Sorry just to add, waxed canvas is waterproof as long as there is wax on it, so liquids just slide over. You can clean it with water, IPA and brush. I think if i was able to bring my "dirty" tools after cleaning it into the API manufacturing area into some of the biggest US pharmaceutical companies(I won't mention names here) where FDA is on a daily basis then i am sure you can bring in your previously cleaned roll into the kitchen. Just my two cents, correct me if I'm wrong. I care about the food safety and i would never eat in a dirty place where i know kitchen is even worse. But we as consumers always have faith that chef's are clean, which is not always the truth but we still eat that food and we are alive 

I am really interested, is there any approved version of material where you can carry your knifes as per old health inspector's standards?


----------



## rick alan (Nov 15, 2012)

Oops, those Shapton dimension are not the stone sizes, but the box/case dimensions. Stones themselves are more ordinary in size, both on the thin side and the glass are rather thin.


----------



## foodpump (Oct 10, 2005)

Yes, knife guards will prevent the knife blade from coming in contact with the roll. That being said, removing a knife from a roll with its guard in place is awkward at best.

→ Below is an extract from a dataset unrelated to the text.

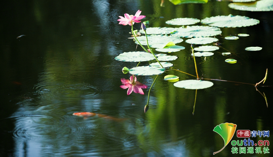 湖水绿如蓝,点缀一芙蓉,谁见鱼儿来,嬉戏小池中。中国青年网通讯员 李广林 提供
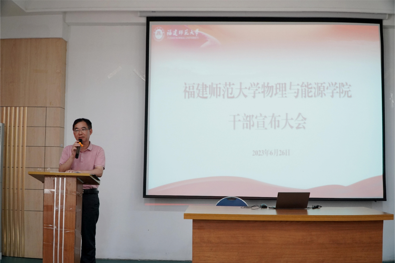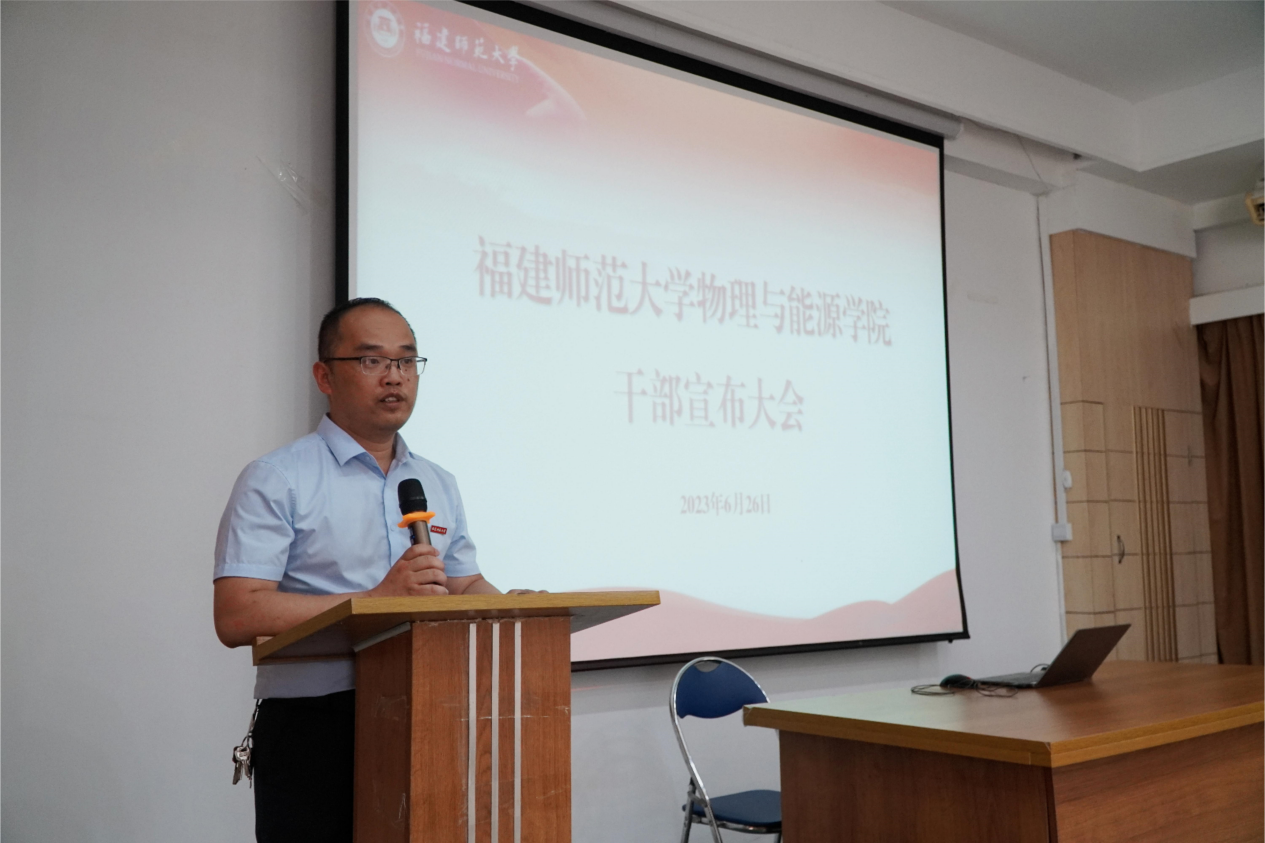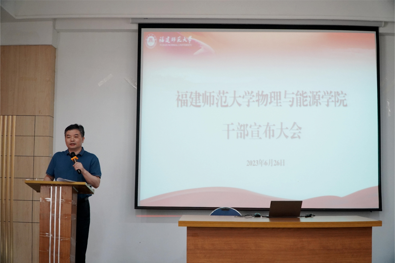 6月26日下午,我院于理工楼3#102召开干部宣布大会。校党委常委、副校长吴剑锋,校组织部副部长阮传瞰,物理与能源学院全体教职工参加了会议。

Regardless, the roll will be exposed to all the above mentioned foodstuffs in a commercial kitchen, and while breadcrumbs or salt may be pretty much benign, protein rich liquids like dairy or meat/ seafood juices will behave like they do and start to stink after a while. Spilled Vegetable oil may not harbour bacteria, but will go rancid and stay greasy.

The fact that the roll when spread out consumes a lot of real estate is not to be taken lightly. My observations of employees and co workers selecting a knife from an open roll include:
- Spreading the roll partially or even fully over a cutting board
And
-Pushing objects out of the way in order to spread out the roll, causing spills or objections from coworkers sharing the table.


----------



## foodpump (Oct 10, 2005)

I forgot. Where do I keep my knives?

In a plastic fishing tackle box, or toolbox. The benefits of this are:
-Very minimal “footprint”, no space needed to roll out in order to select knife.

-Dead simple to sanitize: remove knives, shake out crumbs, toss the thing in the dishwasher, done.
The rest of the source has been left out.